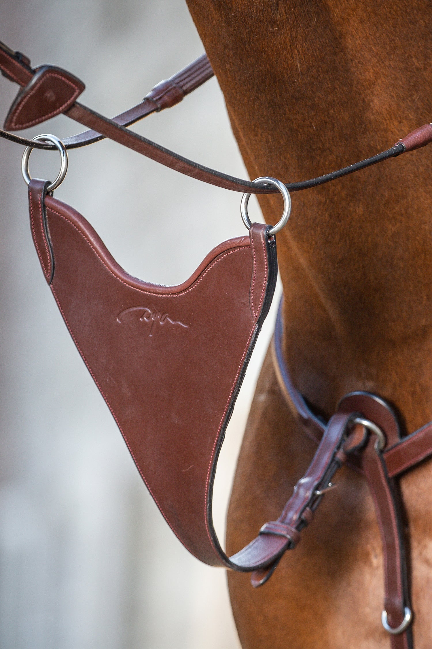 Dy'on Hard Bib Martingale Attachment from the New English Collection is an adjustable bib martingale made from exclusive, stiff Dy'on leather. It is designed to provide the horse with stability and guidance, while giving the rider extra control during riding. The martingale is easily attached to a breastplate or yoke with the help of a roller buckle.
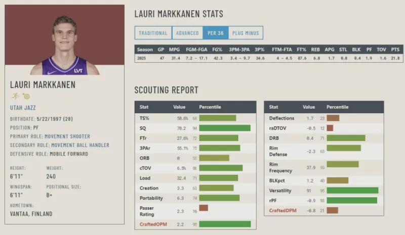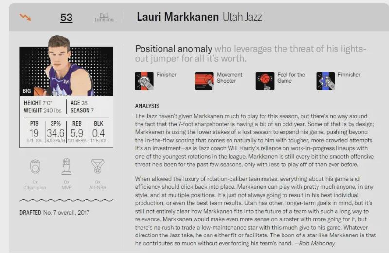 若拥有更具实力的队友支持时,他的比赛效率理应会重回正轨,马尔卡宁几乎可以与任何类型球员搭档,适配任何比赛风格,还能胜任多个位置。只不过,这种兼容性未必总能转化为个人最佳表现,甚至未必能为球队带来最佳战绩。犹他爵士队有着更长远的计划,但马尔卡宁在其未来蓝图中究竟扮演何种角色仍不确定。
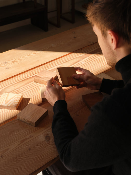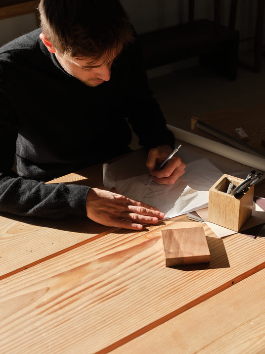 Hos Kath & Andersen bliver alle produkter designet og udviklet internt på vores værksted i Kolding, Danmark. Hvert møbel begynder som en idé, der udforskes gennem skitser, materialestudier og en række prototyper, indtil designet opnår den balance mellem funktionalitet, konstruktion og kvalitet, som vi stræber efter.

______

▶ _Problem to solve_
The entire listing above, minus its pictures, should be copied out exactly.

▶ _Response below_
 Dy'on Hard Bib Martingale Attachment from the New English Collection is an adjustable bib martingale made from exclusive, stiff Dy'on leather. It is designed to provide the horse with stability and guidance, while giving the rider extra control during riding. The martingale is easily attached to a breastplate or yoke with the help of a roller buckle.
 若拥有更具实力的队友支持时,他的比赛效率理应会重回正轨,马尔卡宁几乎可以与任何类型球员搭档,适配任何比赛风格,还能胜任多个位置。只不过,这种兼容性未必总能转化为个人最佳表现,甚至未必能为球队带来最佳战绩。犹他爵士队有着更长远的计划,但马尔卡宁在其未来蓝图中究竟扮演何种角色仍不确定。
 Hos Kath & Andersen bliver alle produkter designet og udviklet internt på vores værksted i Kolding, Danmark. Hvert møbel begynder som en idé, der udforskes gennem skitser, materialestudier og en række prototyper, indtil designet opnår den balance mellem funktionalitet, konstruktion og kvalitet, som vi stræber efter.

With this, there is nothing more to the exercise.